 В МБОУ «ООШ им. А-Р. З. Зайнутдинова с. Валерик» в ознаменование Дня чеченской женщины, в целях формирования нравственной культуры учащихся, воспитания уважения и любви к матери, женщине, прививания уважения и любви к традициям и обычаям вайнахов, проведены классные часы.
...
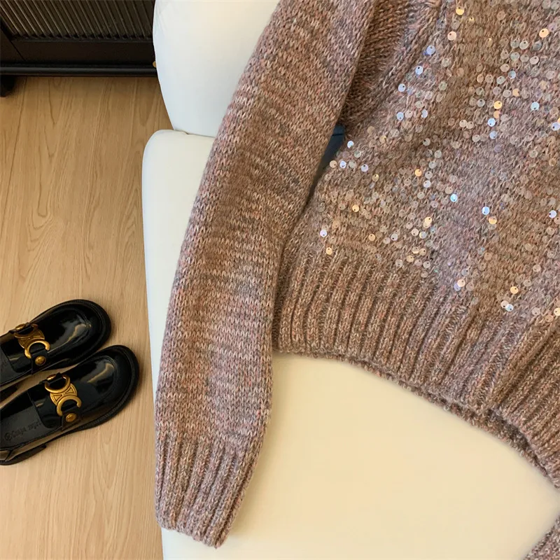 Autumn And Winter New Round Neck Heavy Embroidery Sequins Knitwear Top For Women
---
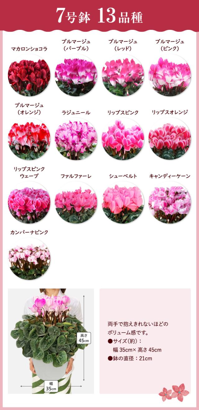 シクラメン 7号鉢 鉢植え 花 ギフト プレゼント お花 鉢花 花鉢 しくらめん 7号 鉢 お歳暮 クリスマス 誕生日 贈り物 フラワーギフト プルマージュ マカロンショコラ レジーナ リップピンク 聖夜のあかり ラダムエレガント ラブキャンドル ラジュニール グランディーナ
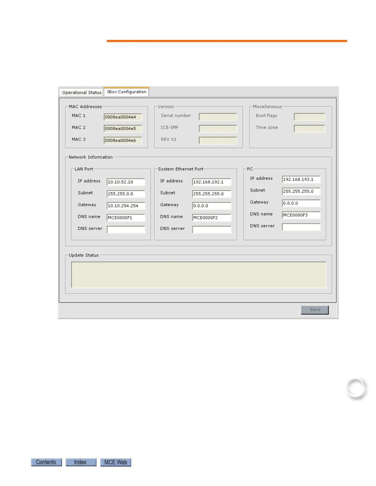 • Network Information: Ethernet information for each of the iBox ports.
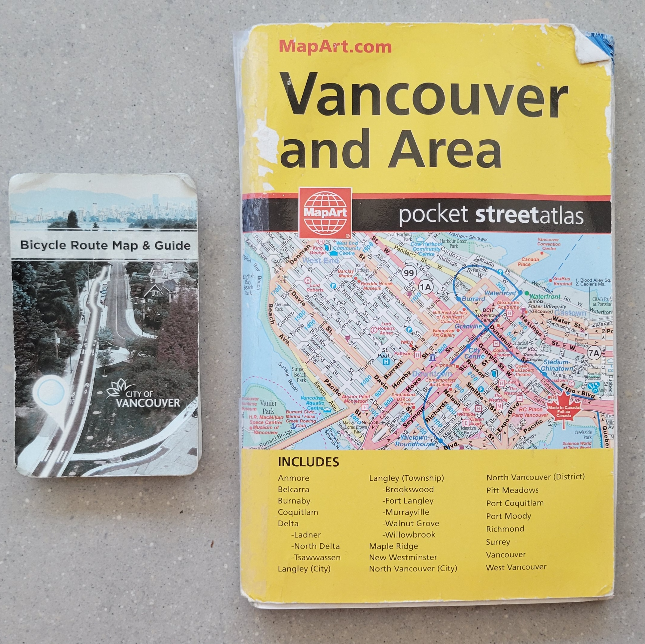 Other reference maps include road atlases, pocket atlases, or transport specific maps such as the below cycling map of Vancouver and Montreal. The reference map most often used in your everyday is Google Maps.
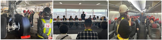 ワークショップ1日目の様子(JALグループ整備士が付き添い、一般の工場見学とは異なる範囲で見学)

● **EXERCISE REQUIREMENTS**: Exact copy, pictures excluded: from the line with "the iBox ports." up to and including the line with "ワークショップ1日目の様子(JALグルー" in the data above.

● **SOLUTION TO THE PROBLEM**:
 • Network Information: Ethernet information for each of the iBox ports.
 Other reference maps include road atlases, pocket atlases, or transport specific maps such as the below cycling map of Vancouver and Montreal. The reference map most often used in your everyday is Google Maps.
 ワークショップ1日目の様子(JALグループ整備士が付き添い、一般の工場見学とは異なる範囲で見学)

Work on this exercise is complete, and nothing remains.